Note: In general, the Lenormand oracle cards originated with Mlle. Lenormand, a well-known card reader who died in 1843. The Petit Lenormand was named for her, and published not long after her death.
The images in the Petit Lenormand are used to identify past, present, and future influences in the Seeker’s life. As an oracle, this deck can be used for any issue or topic, by any and all levels of reader. The cards are 2 ¼” by 3 ½” – perfect for smaller hands like mine, but still able to be used comfortable by individuals with larger hands. The card back shows a sepia toned background, with a blood red rose in the center, complete with a thorny stem and green leaves. The card faces show a sepia toned background and border, with minimalist imagery. The card number is in the upper left hand corner, with the equivalent to the card from a regular playing card deck. For example … The Rider is Number 1, and is equivalent to the 9 of Hearts in a regular playing deck. The card name runs along the bottom of the card, against a white background. The upper right hand and lower left hand corners show a small rose illustrated in black. A black vine connects the four corners.
The LWB presents the keywords for the cards only … no image is shown. The keywords are taken from various Lenormand traditions. It is suggested that if a reader is used to using a specific Lenormand system, that they continue to do so with these cards.

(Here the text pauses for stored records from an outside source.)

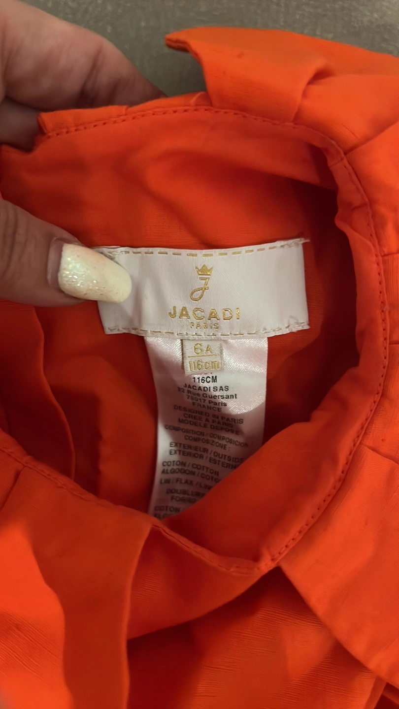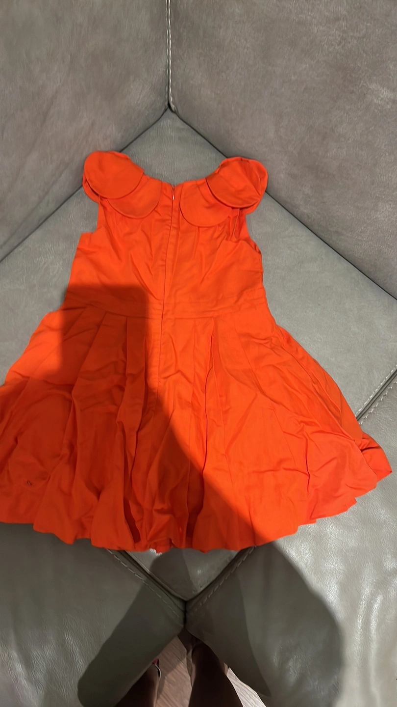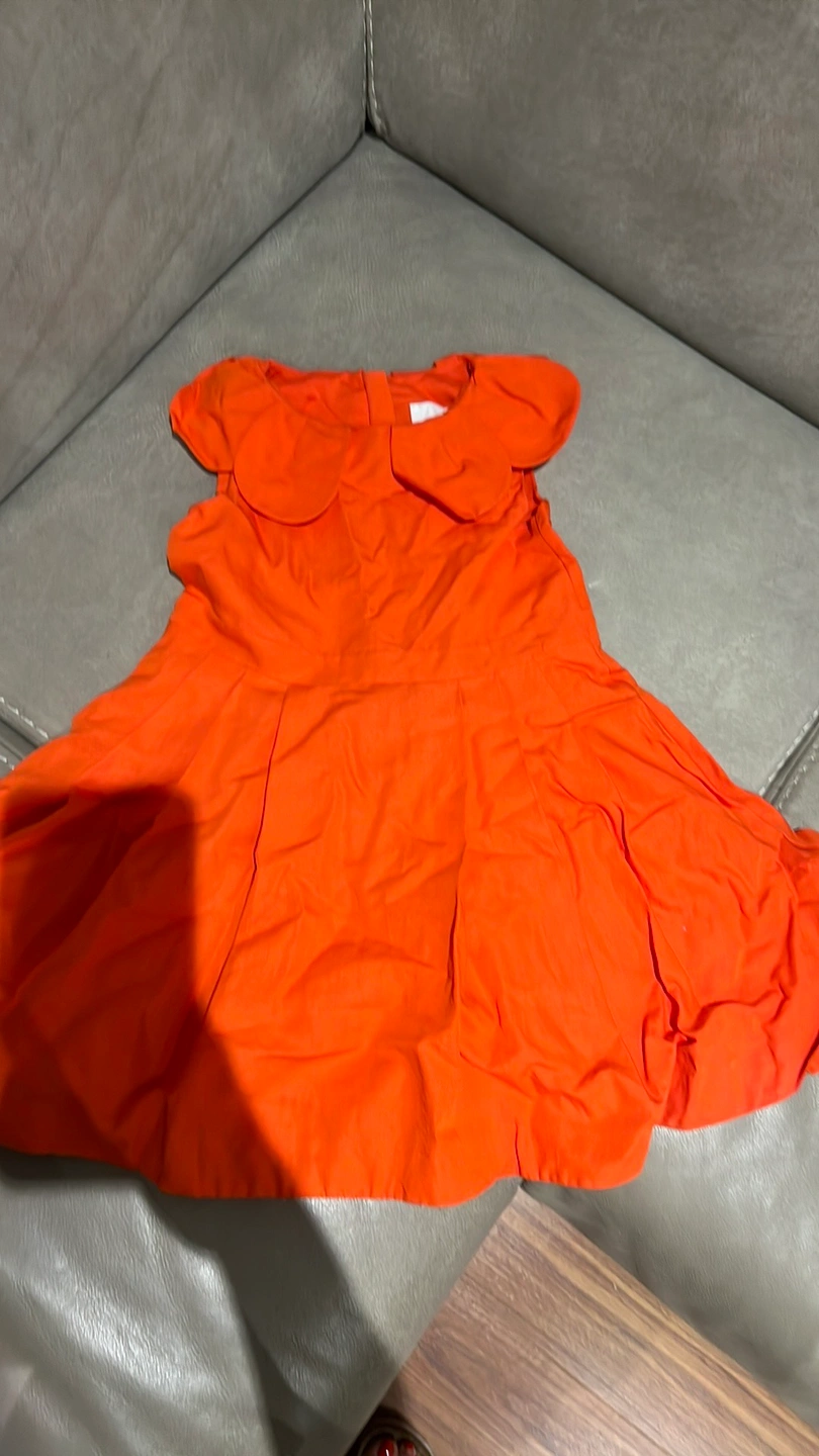 96Size 6 T, Orange cotton dress, sleeveless, with peter pan collar.
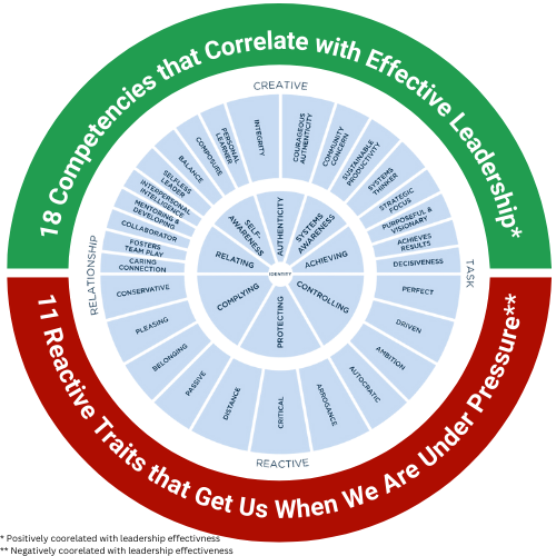 The lower half of the circle describes a set of traits or behaviours that leaders can slide into when they react under pressure. In many ways, we are programmed for these and slip into the mode without knowing it. These limiting tendencies each hold assumptions about what works: gaining the approval of others, protecting my ideas or self-image, or winning results regardless of the cost. These traits are negatively correlated with leadership effectiveness.
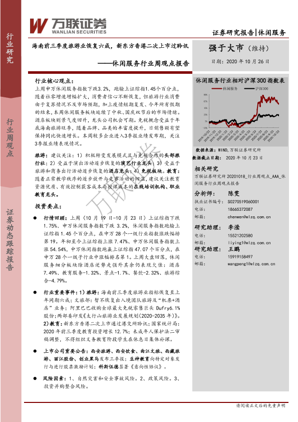 【万联证券】【20201026】休闲服务行业周观点报告:海南前三季度旅游业恢复六成,新东方香港二次上市过聆讯-9页

The LWB discusses how to read the cards, noting that they are read analytically, rather than intuitively. In getting ready to read the deck, it is noted that only 36 cards are to be used, so the reader will need to determine which version of the alternate cards to use, and set the remaining three aside. The cards are meant to be read in combination, so their meanings will change depending on the cards they are paired with.

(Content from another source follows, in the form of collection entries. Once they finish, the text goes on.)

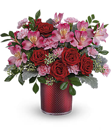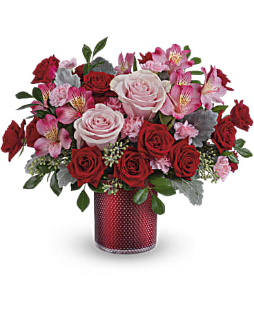 Embossed with an elegant diamond pattern and shimmering with a pearlescent finish, this glam glass vase makes their day extra special when filled with a beautiful red and pink bouquet. This arrangement includes red spray roses, pink alstroemeria, miniature light pink carnations, dusty miller, seeded eucalyptus and huckleberry. This red and pink bouquet is delivered in Teleflora's Scarlet Diamond Cylinder. Orientation: All-Around
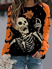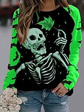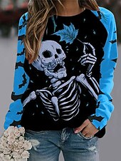 More information about Halloween Women's Pullover Sweatshirt Skulls Graphic Fashion Casual Long Sleeve Crew Neck Regular Tops Street Dailywear Casual Print Blue Purple Orange Green Fall Winter
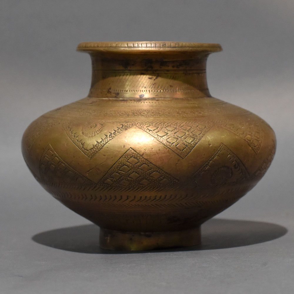 This engraved brass kalash decorative ritual vessel features a broad rounded body adorned with detailed hand-etched geometric and floral motifs. The defined neck bands and gently flared rim reflect traditional Indian metal craftsmanship rooted in ceremonial design. Its balanced form rests on a sturdy circular base, making it ideal for altar placement and ritual use. The surface showcases intricate diamond panel engravings and fine border detailing that encircle the body. These patterns create visual rhythm and highlight skilled metal etching techniques. The aged brass finish displays natural patina and tonal variations, enhancing its antique appeal and authentic character. Over time, the brass develops a deeper warmth, further enriching its heritage presence. Traditionally used as a kalash in Hindu rituals, this vessel symbolizes prosperity, purity, and auspicious beginnings. It can be filled with sacred water and decorated with mango leaves and a coconut during griha pravesh, weddings, Navratri, and festive ceremonies. The wide mouth allows easy filling and ceremonial pouring, while the rounded form ensures comfortable handling. Crafted from solid brass using traditional shaping and engraving methods, this vessel is durable and designed for long-term devotional use. Each piece carries slight variations in engraving depth and surface tone, reflecting genuine handcrafted workmanship.
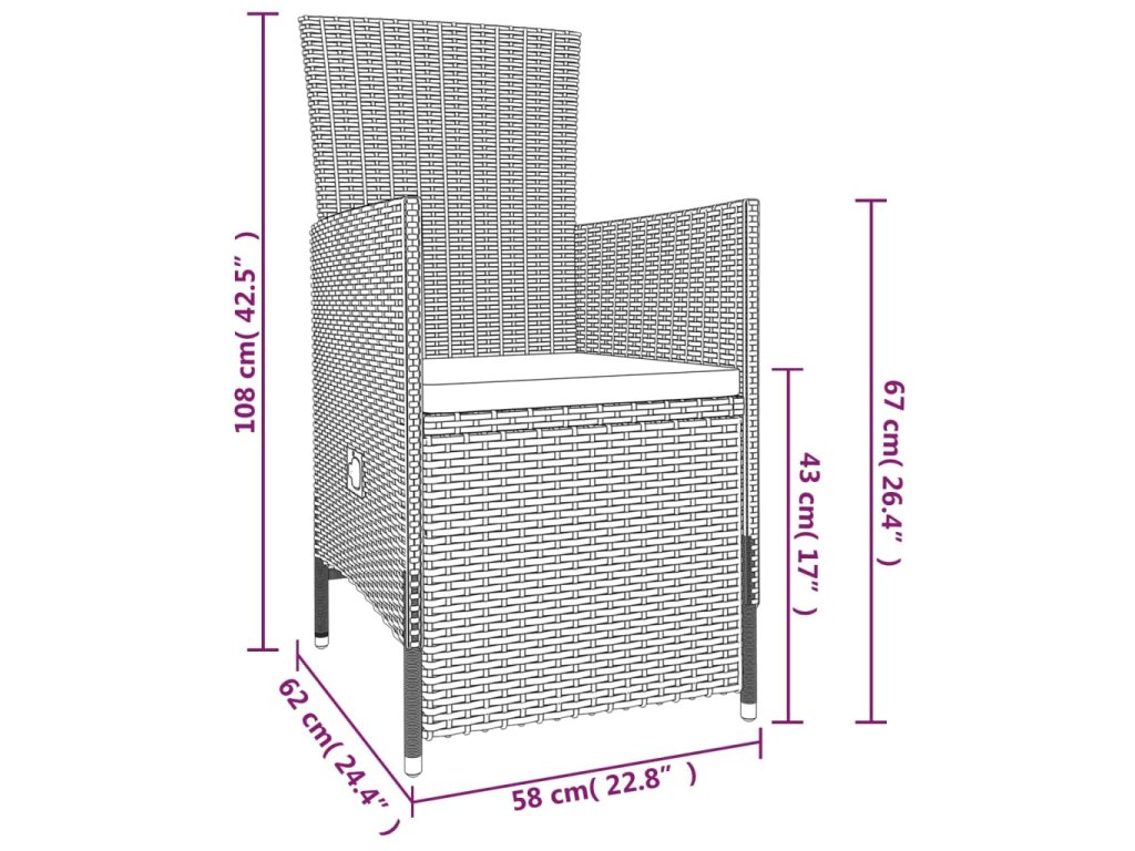 - Rozměry židle (nesklopená): 58 x 62 x 108 cm (Š x H x V)

Spreads include a Two-Card Combo, a Three-Card Combo, a Five-Card Line, a five-card Under The Roses Spread, a Nine-Card Spread, an 18 card Petit Tableau, and a 36-Card Grand Tableau. Advanced techniques are discussed at the end of the LWB.
Of the duplicate cards (Child, Gentleman, and Lady), I was drawn to The Gentleman (Number 28, the Ace of Hearts). One version shows a well dressed young gentleman of African ancestry, facing the reader, but looking to the right hand side of the card. The second version shows a well dressed young gentleman of European ancestry. He also faces the reader, but is looking to the right hand side of the card. He is holding a rose in his right hand. Keywords include Male Significator, Young Man, Man You Are Close To, Partner, Friend, Masculinity, Professional, Outward Focus, Logic, Powerful, and Consciousness.
The House (Number 4, the King of Hearts) shows a very Edwardian type house, with greenery in the background. Keywords here include Home, Residence, Property, Domestic Affairs, Familiarity, Family, Security, Stability, Settling, Harmony, Materialism, Projects, and Inheritance.
The place or family in which one is most comfortable.
The Bouquet (Number 9, the Queen of Spades) shows a bouquet or red roses, in white paper, tied with a red ribbon. Keywords here include Gifts, Abundance, Friendship, Joy, Peace, Happiness, Love, Healing, Wishes, Improvement, Beauty, Charm, Good Fortune, Acknowledgment.
A wish come true, or a gift received.
The Crossroads (Number 22, the Queen of Diamonds) shows a night scene, with a path branching off in three directions, with a black pole in between two of them, with two lit lanterns on top of it. Keywords include Choices, Way, Decision, Options, Journey, Wandering, Plans, Idea, Destiny, Directions, Alternatives, Escape, Route, Junction, Cycle, Divided, Torn, Plots, Free Will.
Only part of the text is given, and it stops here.